Wage growth is “not a threat to inflation,” Fed Chair Janet Yellen said on June 18.  “[With] our 2 percent inflation objective, we could see wages growing at a more rapid rate” before having to worry.

“When unemployment goes into the five range, that is going to below the natural rate,” St. Louis Fed President James Bullard said on July 9.  “I think we are going to overshoot here on inflation.”

Who is right?

In today’s Geo-Graphic, we look at the relationship between wage growth and inflation over the last twenty years.  Perhaps surprisingly, we find virtually none (an R-Squared of 0.03).  Wage growth has routinely exceeded so-called core inflation (consumer goods inflation excluding energy and food) by large amounts without the latter picking up.  One explanation for this phenomenon may be the growth of imports as a percentage of GDP, from 9% in 1994 to 16% today, which acts to keep tradeables prices down.  This supports Yellen’s position.

This does not mean, however, that wage growth should not concern the Fed.  On the contrary, as we can see from the figure on the left, unusually high wage growth—above 4%—preceded the last two recessions, in 2001 and 2007.  The explanation may lie in the fact that high wage growth induces people to assume more debt that they would otherwise.
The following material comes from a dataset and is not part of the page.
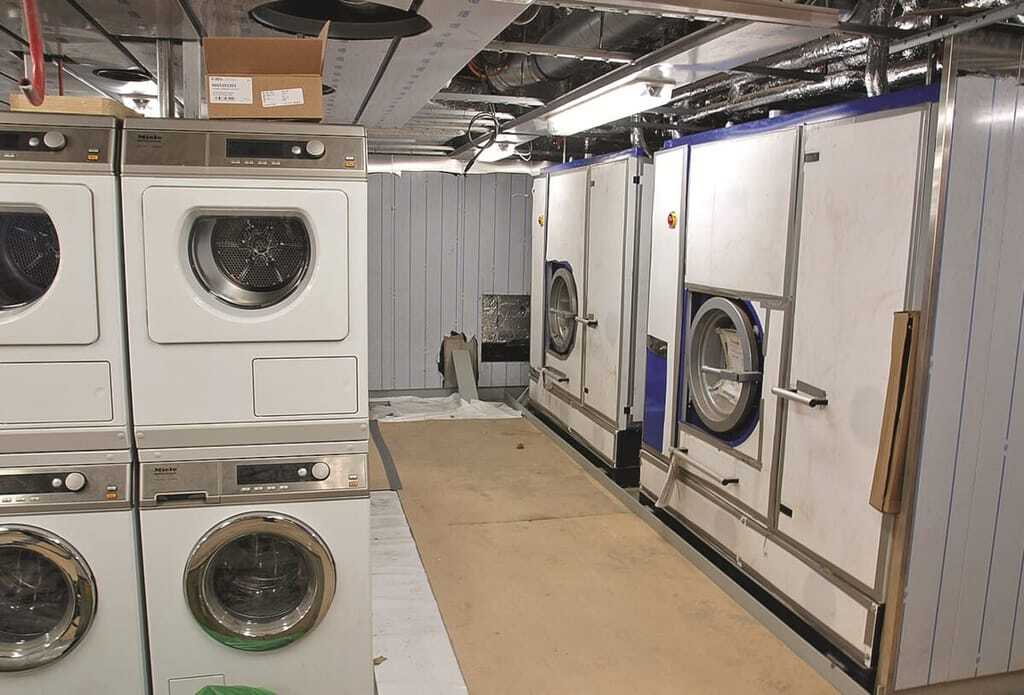Die Frischwasserversorgung der Waschmaschinen erfolgt mit Kondenswasser. Dieses stammt aus den in sämtlichen Bereichen des Schiffs installierten Klimaanlagen, die dazu dienen, der Seeluft ihr aggressives Potenzial zu nehmen. Sie scheiden die in der Luft gebundene Feuchtigkeit ab, die in Tanks gesammelt und mit Chlor versetzt wird. Diese Methode ist effektiv und deckt, je nach Schiffsroute, 85 bis 90 Prozent des Frischwasserbedarfs der Wäscherei ab. Bei Fahrten in äquatornahen Gewässern kann die Abdeckungsquote sogar bei 100 Prozent liegen, während Touren in den Norden mitunter eine geringere Kondensatausbeute erzielen.

Rapid wage growth was associated with rising debt service burdens during both periods, as shown in the figure on the right.  Increasing debt service payments tend to crowd out other forms of consumer spending, and make households more vulnerable if expected wage increases fail to materialize.

Annualized wage growth at present is still moderate, running at about 2.3%.  But it is clearly on the rise.  The household debt service ratio, however, is at its lowest level since the series began in 1980, and household debt is less than it was in Q1 2008—though it has started moving up again.

In short, the monetary history of the past twenty years suggests that wage growth at current or moderately higher levels is unlikely to cause a significant rise in consumer price inflation.  Yet a continued trending up in wage growth would likely presage a rise in household leverage, which is a credible indicator of economic instability ahead.  But at the current low leverage levels, far ahead.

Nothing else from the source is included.